Researchers find rare mutation doesn’t always result in blood cancer

Researchers have found that a genetic mutation associated with a rare group of blood cancers does not always result in development of the disease. The work provides insight into the initial phases of the disease and may eventually lead to tailored monitoring techniques that improve patient outcomes.

The Philadelphia chromosome-negative myeloproliferative neoplasms (MPNs) are a group of blood cancers that cause the overproduction of red blood cells, some types of white blood cells, or platelets. Many cases of MPNs are driven by a particular mutation in the gene JAK2, called JAK2V617F.

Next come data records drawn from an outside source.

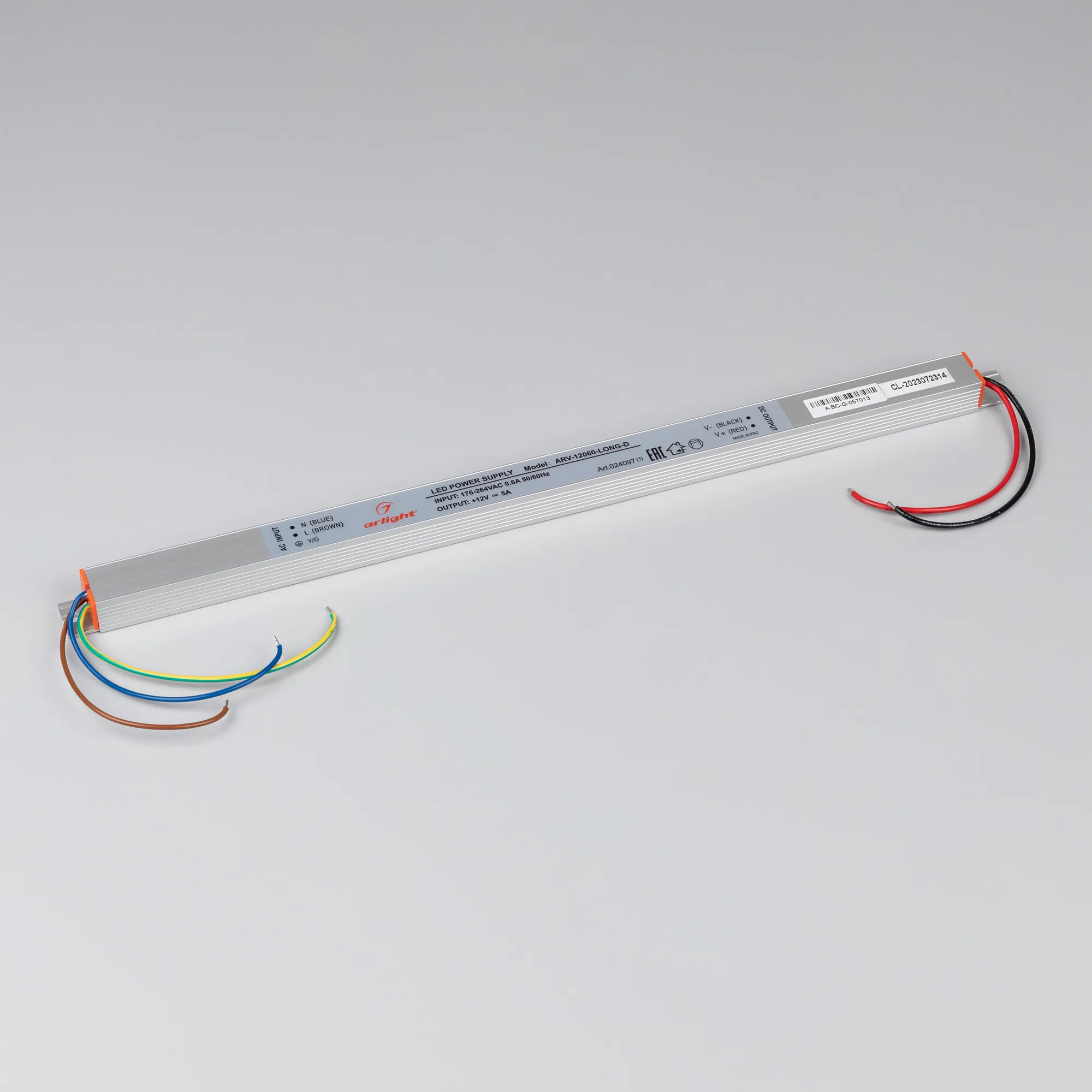 Источник напряжения с гальванической развязкой для светодиодных изделий. Входное напряжение 200-240 VAC. Выходные параметры: 12 В, 5 А, 60 Вт. Встроенный PFC >0,5. Негерметичный алюминиевый корпус IP 20. Габаритные размеры длина 365 мм, ширина 18 мм, высота 15 мм. Гарантийный срок 2 года.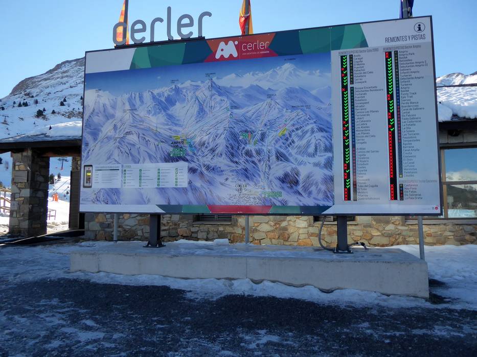 An den Einstiegspunkten in Cerler und Ampriu findet man große Informationstafeln mit Pistenplan und tagesaktuellen Informationen. Im Skigebiet selber gibt es auch Pistenpläne. Die Pisten sind alle gut ausgeschildert und sehr gut markiert. Somit findet man sich auch bei schlechten Sichtverhältnissen oder Nebel immer zurecht.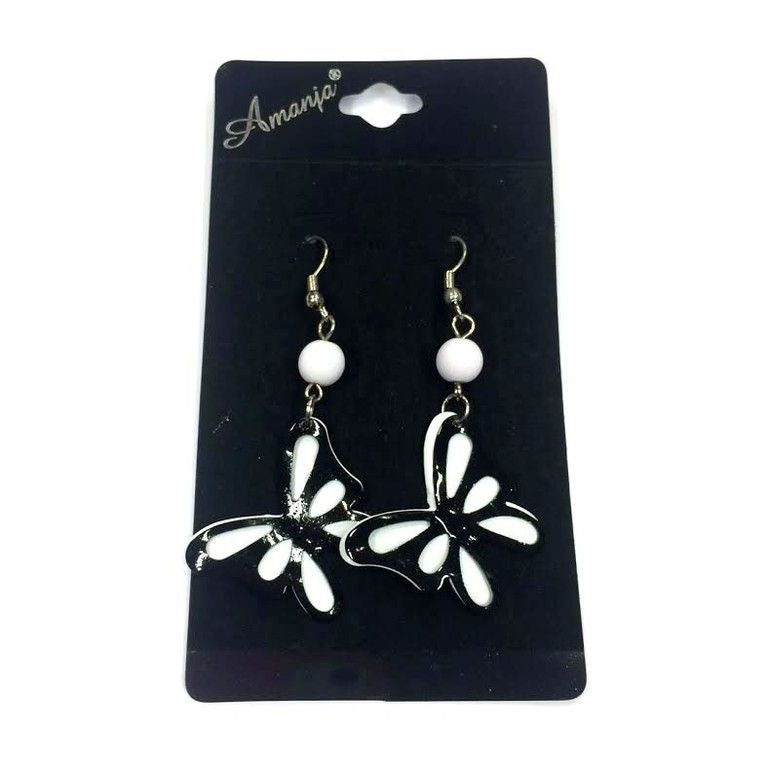 S_89869 - OORBELLEN ZWART/WIT VLINDER (12st)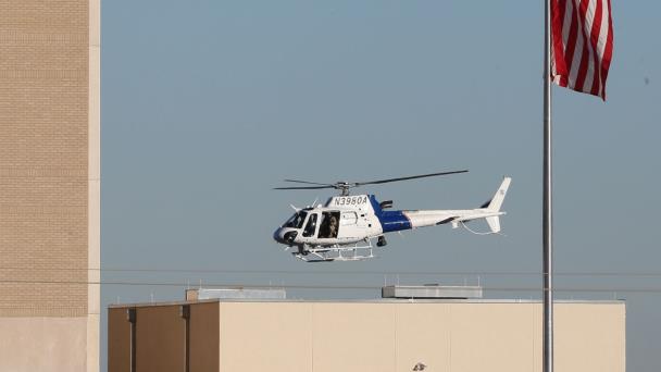 EMERGENCIA. Un helicóptero policiaco sobrevuela el área del hospital militar donde se registró el tiroteo, personal médico y pacientes son desalojados del complejo hospitalario. (Agencia AP).

“We were fortunate to have access to a population study that allowed us to look at the occurrence of this mutation in the general public,” says Jordan Snyder, assistant teaching professor of mathematics at North Carolina State University and corresponding author of the study. “That allowed us to see relationships between the mutation and instances of disease.” Snyder was formerly an assistant professor of mathematics at Roskilde University, Denmark, where the work was done.

The researchers looked at participant data from the Danish General Suburban Population Study, which contained blood samples and health questionnaires completed by residents of Zealand, Denmark. Of the nearly 20,000 participants, Snyder’s group identified 67 people with the JAK2V617F mutation.

“Specifically, we were able to get data on the participants’ variant allele fraction, or VAF, over a 10-year period from a sample of the general public, not just patients,” Snyder says.

“Every cell that has DNA has two copies of JAK2, but not every copy has the same mutation status,” Snyder continues. “VAF represents the number of mutated copies of the gene versus normal copies. Most of the work around this mutation is looking at the VAF of patients with cancer. But to figure out how the disease progresses from a healthy state, we need to look at VAF before cancer develops.”

The research team created a stochastic mathematical model to describe how the mutation might proliferate in blood stem cells, where it is believed to originate. According to the model, in 70% of cases the mutated cells were likely to outcompete their normal counterparts; in 18% of cases mutants had a competitive disadvantage compared to normal cells; and 12% showed neither an advantage nor a disadvantage.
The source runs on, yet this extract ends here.